"Chess... is eminently and emphatically
the philosopher's game"
-Paul Morphy-
The publisher of
The Cambridge Companion to Wittgenstein, tells us:
Ludwig Wittgenstein (1889–1951) is one of the
most important, influential, and often-cited philosophers of the twentieth
century, yet he remains one of its most elusive and least accessible. The essays
in this volume address central themes in Wittgenstein’s writings on the
philosophy of mind, language, logic, and mathematics. They chart the development
of his work and clarify the connections between its different stages. The
contributors illuminate the character of the whole body of work by keeping a
tight focus on some key topics: the style of the philosophy, the conception of
grammar contained in it, rule-following, convention, logical necessity, the
self, and what Wittgenstein called, in a famous phrase, ‘forms of life’.
Additional Information on
Ludwig Wittgenstein
Wikipedia
The
Stanford Encyclopedia of Philosophy
A
comprehensive site on Wittgenstein
This article was written in its entirety by Lawrence Totaro of
Ultimate Chess Collecting
Ludwig Wittgenstein
(April 26, 1889 – April 29, 1951)
“I might say that chess would never have been invented apart from the
board, figures, etc. and perhaps apart from the connection with troops in
battle.”
On page 186 of The Immortal Game, David Shenk offers examples of three
prominent men in regards to their use of chess. He mentions at least one work
for each except for Ludwig Wittgenstein.
He writes about Richard Feynman: “The legendary American physicist and
physics teacher Richard Feynman relied heavily on chess in his lectures at the
California Institute of Technology (later published in the 1904 book Six Easy
Pieces: Essentials of Physics Explained by its Most Brilliant Teacher) to
help decode the scientific process for his students.”
As for Italo Calvino, Shenk goes on to write: “Italo Calvino, the whimsical
and postmodern Italian author of Cosmicomics, If on a Winter’s Night a
Traveler, and other influential fictions, was impressed by chess’s ability
to transform limitless data into a simple impression.”
The author continues: “Austrian-born British philosopher Ludwig Wittgenstein,
regarded by many as the most important philosopher of the twentieth century, was
utterly fascinated by chess, referring to the game nearly two hundred times in
his writings.”
It should be noted that “in his writings” means the grandiose work titled,
Philosophical Investigations (1951, published posthumously) which mentions
chess to a large extent depending upon which publication you own. According to
the Blackwell published work he writes “chess” 181 times [see this excellent
paper by Steven B.
Gerrard] But not only is chess mentioned in Philosophical
Investigations; a popular excerpt is given below taken from, The Blue and
Brown Books:
a. "The meaning of a phrase for us is characterized by the use we make of it.

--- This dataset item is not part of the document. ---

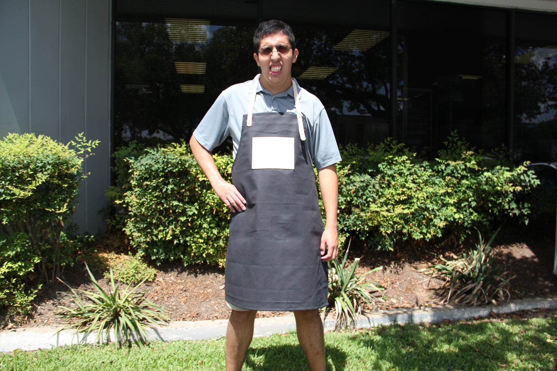 Product Details: Heavy duty canvas apron with adjustable leather strap and leather front pocket that can be personalized with a monogram.

The meaning is not a mental accompaniment to the expression . . . I want to play
chess, and a man gives the white king a paper crown, leaving the use of the
piece unaltered, but telling me that the crown has a meaning to him in the game
. . . I say: "as long as it doesn't alter the use of the piece, it hasn't what I
call a meaning.""
Also keep in mind that Wittgenstein, considered by students and many
scholars, is considered “an Austrian philosopher” and not British as stated
above.
In Wittgenstein's Lectures: Cambridge, 1932-1935 (Edited by Alice
Ambrose) Wittgenstein mentions “chess” 54 times.
Below are some excerpts.
Page 3
“2. Words and chess pieces are analogous; knowing how to use a word is like
knowing how to move a chess piece. Now how do the rules enter into playing the
game? What is the different between playing the game and aimlessly moving the
pieces? I do not deny there is a difference, but I want to say that knowing
how a piece is to be used is not a particular state of mind which goes on
while the game goes on. the meaning of a word is to be defined by the rules
for its use, not by the feeling that attaches to the words.”
Page 101
“It is a fallacy to suppose these languages are incomplete. Primitive
arithmetic is not incomplete, even one in which there are only the first five
numerals; and our arithmetic is not more complete. Would chess be incomplete
if we knew another game which somehow incorporated chess? It would merely be a
different game. To think otherwise is to confuse mathematics with a natural
science.”
The most striking excerpt is from page 194
“I might say that chess would never have been invented apart from the
board, figures, etc. and perhaps apart from the connection with troops in
battle. No one would have dreamed of inventing the game as played with pencil
and paper, by description of the moves, without the board and pieces. Still
the game could be played either way. It is the same with mathematics.”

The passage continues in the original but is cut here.